Lessons of Iraq Policy: U.S.’s Loss Is China’s Gain

Bush’s recent trip to China underscored his waning influence over the Chinese government, and that waning influence is a direct outgrowth of Iraq. China now has a better image in world opinion than does the United States. The South China Morning Post (6/26/05) editorialized that these poll results served as a “cautionary tale” for China:

It was President George W. Bush’s unilateral and belligerent foreign policy that poisoned the wellspring of global sympathy for America after the September 11 terrorist attacks. “¦ Through its rash actions, the Bush administration squandered, in just a couple of years, half a century of America’s hard-earned reputation as a responsible, generally benevolent, superpower. “¦ Chinese leaders, to their credit, seem well aware of the lesson in all this: that a distrusted superpower runs the risk of being ganged up on by the rest of the world.
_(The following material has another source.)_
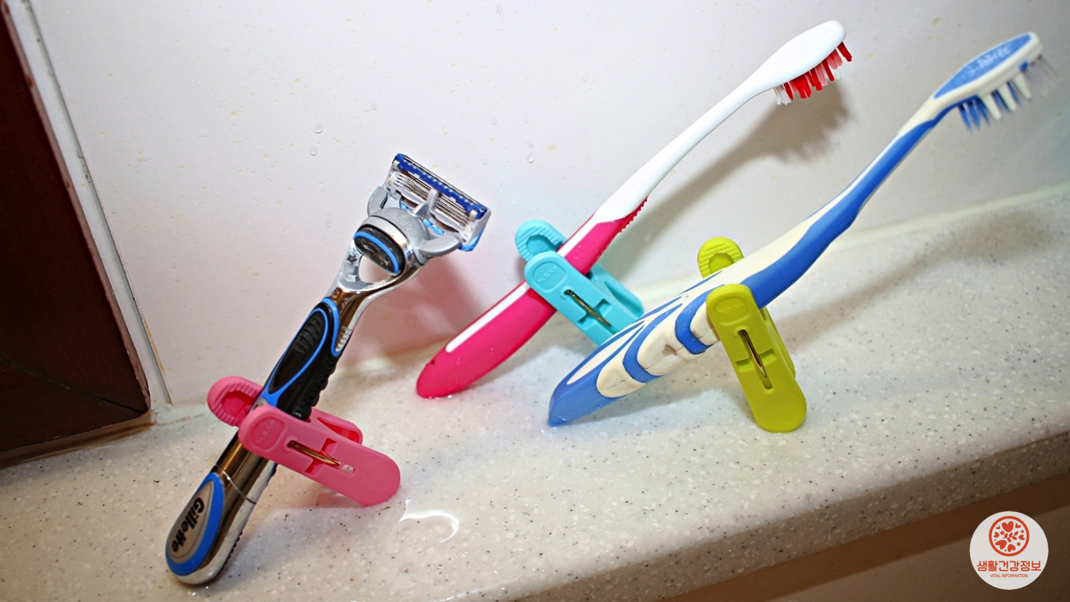 칫솔이나 면도기에 빨래집게를 집어놓으면

The way the Bush administration went to war in Iraq has cost the administration a great deal of moral authority and respect in the world. As a result, the administration now has less ability to convince China to extrend greater freedoms to all its citizens. China remains a blind spot in Bush’s 2005 Inaugural pledge to “encourage reform in other governments by making clear that success in our relations will require the decent treatment of their own people.”

One example of Bush’s lack of influence can be seen in the administration’s inability to successfully address the issue of China’s treatment of dissidents. Agence France Press reported:

Dissidents told AFP on Saturday that Chinese authorities had detained or put under house arrest at least a dozen dissidents and activists ahead of Bush’s visit to keep them from being heard.

Secretary Rice claimed concerns about these dissidents would be raised “quite vociferously” with the Chinese government, but whatever was said privately was apparently met with a “muted Chinese reaction.” Bush’s public call for greater religious freedom was meant primarily for the U.S. audience, as it did little to affect public discourse in China. The New York Times reported that the only Chinese television coverage of Bush’s visit was his bike ride with Olympic athletes.

As a result of Bush’s handling of Iraq, China can now quash free speech at home and still maintain the upper hand over the United States in terms of global respect.